Что рассказал Зейдлиц Паулуччи о целях и результатах своей миссии, что он поведал о настроениях в Берлине и в Кёнигсберге, прусский майор в своем «Дневнике» умалчивает. Но можно предполагать, исходя из того, какое впечатление новости, доставленные Зейдлицем, произвели 29 декабря на Йорка, что он изложил Паулуччи ситуацию в благоприятном для русского генерала свете. Тем не менее, мы не можем не констатировать, что информация, изложенная 29-го Зейдлицем Йорку, не могла не быть более противоречивой, чем та, которой он поделился с Паулуччи.

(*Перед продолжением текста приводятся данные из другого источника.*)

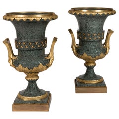 Superbe paire d'urnes de table ou de cheminée en porcelaine émaillée de Sèvres et en bronze doré, de forme traditionnelle, d'une qualité exceptionnelle et de proportions moyennes.   ...
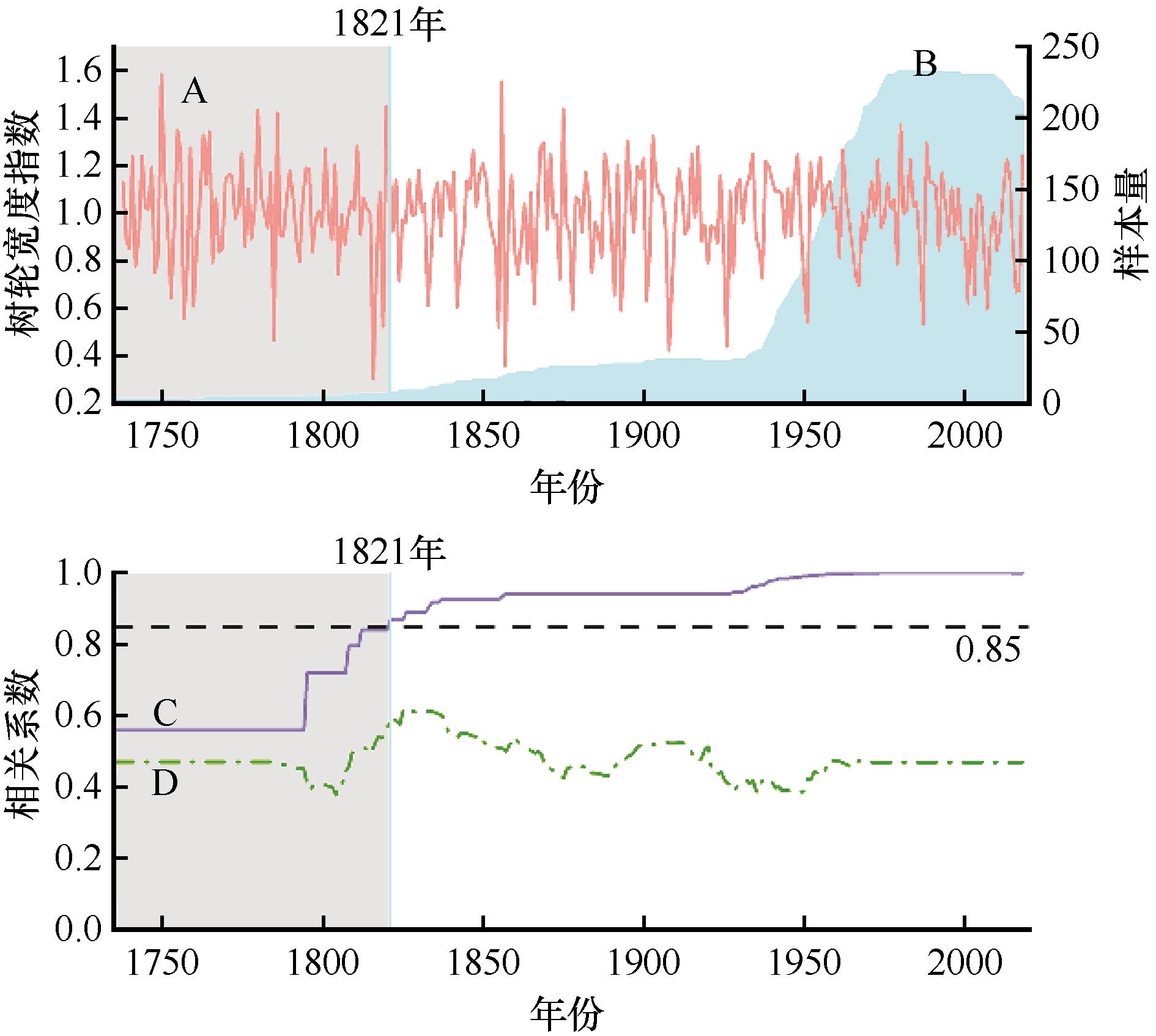 | Fig.2 Tree-ring width residual chronology (A), sample size (B), subsample signal strength (C), and running series of average correlations (Rbar, D) |

Так, Зейдлиц не мог не доложить Йорку, что король полон решимости придерживаться договора, заключенного с Наполеоном, пока события (в том числе позиция венского кабинета) не дадут ему возможности придать «новую ориентацию политике государства»[680].

Тем не менее, готовя свой «Дневник» к изданию спустя годы после происходивших в 1812 г. событий, когда европейская ситуация была уже совершенно иной и выбор Пруссия давно сделала, а ключевая роль в этом выборе безусловно принадлежала генералу Йорку, а вместе с ним и Зейдлицу Зейдлиц не преминул вложить в уста прусского генерала слова, полные пафоса. Йорк, пишет Зейдлиц, заявил: «Сегодня или никогда, от немедленного решения зависит, изменит ли Пруссия политику Европы и будет ли восстановлена независимость короля и страны»[681].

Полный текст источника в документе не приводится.